The S&P/TSX composite index advanced 106.90 points to 16,015.68, as oil and energy stocks clawed back some of their sharp losses from Wednesday.
The January crude contract climbed 73 cents to US$56.69 per barrel.
South of the border, more evidence that the U.S. job market is strengthening arrived after a government report showed that fewer workers filed for unemployment benefits last week. The numbers are considered a proxy for layoffs, and they offer an encouraging sign that the U.S.
The better-than-expected numbers played a role in moving major Wall Street indices higher, which also had a trickle-down effect on Canadian markets, said Jillian Bryan, vice-president at TD Wealth Private Investment Advice.
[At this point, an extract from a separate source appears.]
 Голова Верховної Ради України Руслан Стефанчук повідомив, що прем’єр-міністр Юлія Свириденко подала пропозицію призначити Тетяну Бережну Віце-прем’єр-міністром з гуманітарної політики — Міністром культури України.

"Obviously if you have a strong employment number out of the U.S. that just bodes well for the general economy in the U.S., and as the U.S. does well we generally do well," she said.
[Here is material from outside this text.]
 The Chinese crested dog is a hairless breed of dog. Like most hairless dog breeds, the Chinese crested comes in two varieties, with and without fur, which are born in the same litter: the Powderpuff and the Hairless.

In New York, the Dow Jones industrial average was up 70.57 points to 24,211.48. The S&P 500 index added 7.71 points to 2,636.98 and the Nasdaq composite index gained 36.46 points to 6,812.84.
On Friday, the U.S. government will also release its closely watched monthly jobs report, and if it shows as much strength as economists expect, the Federal Reserve will likely be on track to raise interest rates at its meeting next week. It would be the third rate increase of the year.
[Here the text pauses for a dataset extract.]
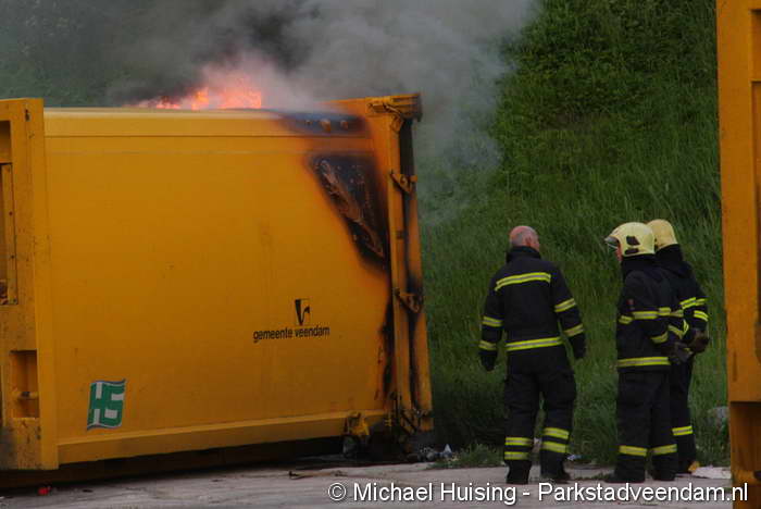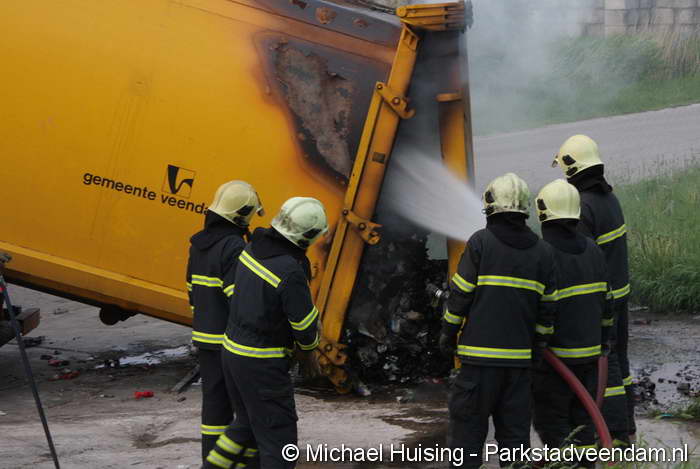 Een deel van het huisvuil vatte vlam. Eén van de brandweermannen die ook werkzaam is bij de gemeente heeft het haakarmvoertuig van de gemeente opgehaald zodat de container leeggegooid kon worden.

In currency markets, the Canadian dollar continued trading lower on Thursday following Wednesday's Bank of Canada decision to keep interest rates steady at one per cent.
The loonie closed at an average trading value of 77.86 cents US, down 0.53 of a U.S. cent.
Elsewhere in commodities, the January natural gas contract was down 16 cents to US$2.76 per mmBTU. The February gold contract fell US$13.00 to US$1,253.10 an ounce and the March copper contract was unchanged at US$2.96 a pound.